An algorithm that relies on inverse document frequency (IDF) and keyword matching to provide relevant suggestions during reply construction

 In search for a method to decrease time spent responding to emails, Georgia Tech inventors have developed DejaVu, an algorithm that relies on inverse document frequency (IDF) and keyword matching to provide relevant suggestions during reply construction. DejaVu’s system architecture includes its client, information curator, and its information database. The DejaVu client is located on the user’s smartphone and interacts with the Information Curator on the cloud. The Information Curator maintains the Information Database and retrieves suggestions from it. 

The Information Curator parses emails in their entirety and stores them in the Information Database. Each entry in the database is indexed by a set of keywords extracted from it. The text of an entry in the information database is initially converted to lowercase and then split into constituent words, W(i).
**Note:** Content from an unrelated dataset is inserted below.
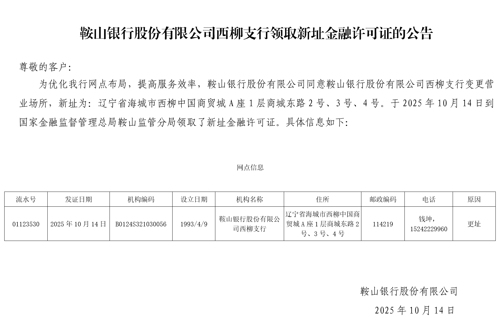 鞍山银行股份有限公司西柳支行变更营业场所的公告

To capture the core context of the text in the index and to avoid duplicates of words that are close in meaning with each other, every word in W(i) is trimmed to its root. Each entry in the information database is then indexed on the set of roots of words in W(i). The email whose suggestions are to be extracted is parsed and the core context in the form of a list of keywords is extracted from it. The Information Curator then matches the keyword with the index of entries in the information database. The DejaVu client then uses a hybrid push/pull model for retrieving suggestions from the Information Curator.

Solution Advantages
  • Potential to decrease time spent replying to emails
  • Reply suggestions are relevant due to robust information curator and database in the system architecture
Potential Commercial Applications
  • Any email client-  Gmail, Outlook, Apple Mail, etc.- The user using these email clients can subscribe to the reply prediction service. It can also be provided as a stand lone cloud service to the users
Background and More Information

In spite of many other emerging means of communication such as social networking platforms, instant messaging (IM), and mobile IM, emailing continues to remain the most pervasive form of communication within enterprises. The number of emails sent/received per day within enterprises is expected to grow to 139.4 billion emails by the year 2018. The average enterprise employee sent/received 126 emails per day in 2015. This deluge of emails results in an average enterprise worker spending 28% of their work time in reading and responding to emails, a substantial fraction.